Evaluating the Accuracy and Utility of Recommender Systems

Alan Said. 2013, "Evaluating the Accuracy and Utility of Recommender Systems". .


Recommender systems have become a ubiquitous feature on the World Wide Web. Today, most websites use some form of recommendation to heighten their users’ experience. Over the last decade, vast advancements in recommendation have been done, this has however not been matched in the processes involved in evaluating these systems. The evaluation methods and metrics currently used for this have originated in other related fields, e.g. information retrieval, statistics, etc. For most cases, these evaluation processes are able to show how well a recommender system performs – to some point. However, after a certain threshold, it is not often clear whether a lower error, or higher accuracy metric accounts for an actual quality improvement.
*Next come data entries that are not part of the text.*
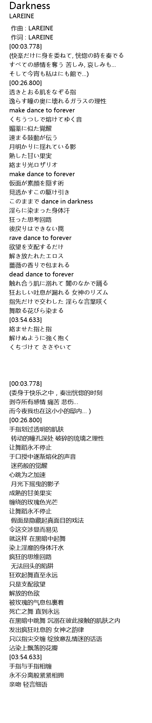 | [03:23.477] | 触れ合う肌に溺れて 闇のなかで踊る |
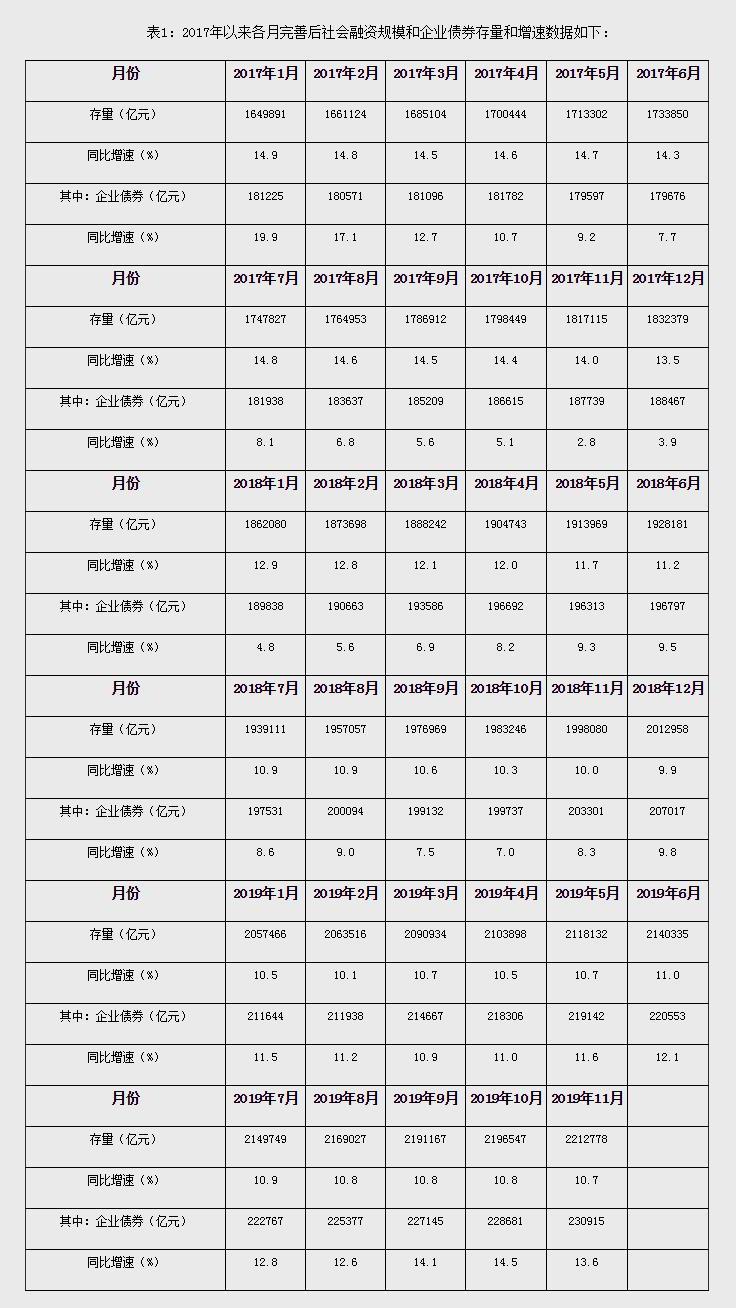 注2:2019年9月起,人民银行进一步完善“社会融资规模”中的“企业债券”统计,将“交易所企业资产支持证券”纳入“企业债券”指标,2017年以来可比口径数据见表1。
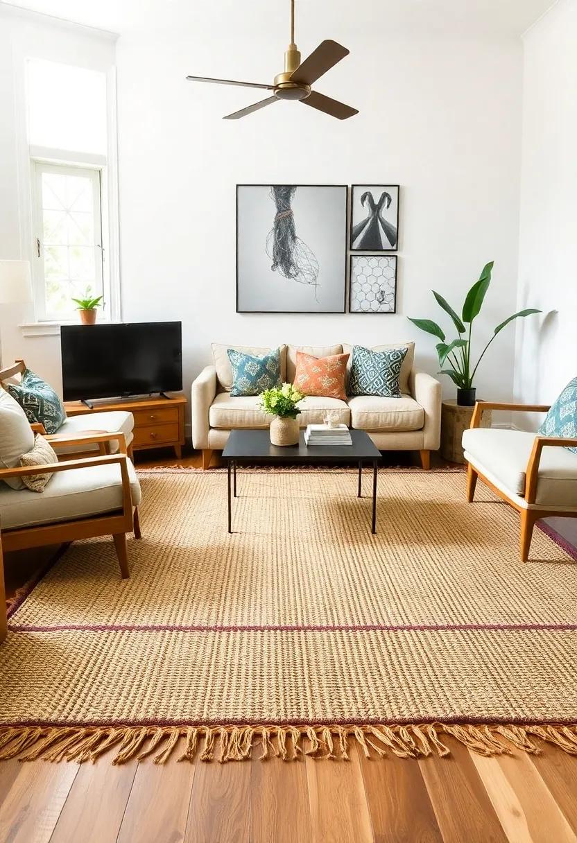 Implement layering through rugs, like a large jute rug topped with a smaller patterned one, to add warmth and depth

This dissertation focuses on the research question how can we further estimate whether a measured accuracy level actually corresponds to a quality improvement from the user’s perspective, or whether the measured improvement is lost on the end user. We introduce some of the concepts related to recommendation quality and user perception, and continue on to show that currently widely-used evaluation metrics do not capture the quality of recommendation when the algorithm is specifically tuned to offer recommendation of a higher diversity. Following this we present a formalization of the upper limit of recommendation quality, a magic barrier of recommendation, and evaluate it in a real-world movie recommendation setting. The work presented in this dissertation concludes that current recommendation quality has outgrown the methods and metrics used for the evaluation of these systems. Instead, we show how qualitative approaches can be used, with minimal user interference, to correctly estimate the actual quality of recommendation systems.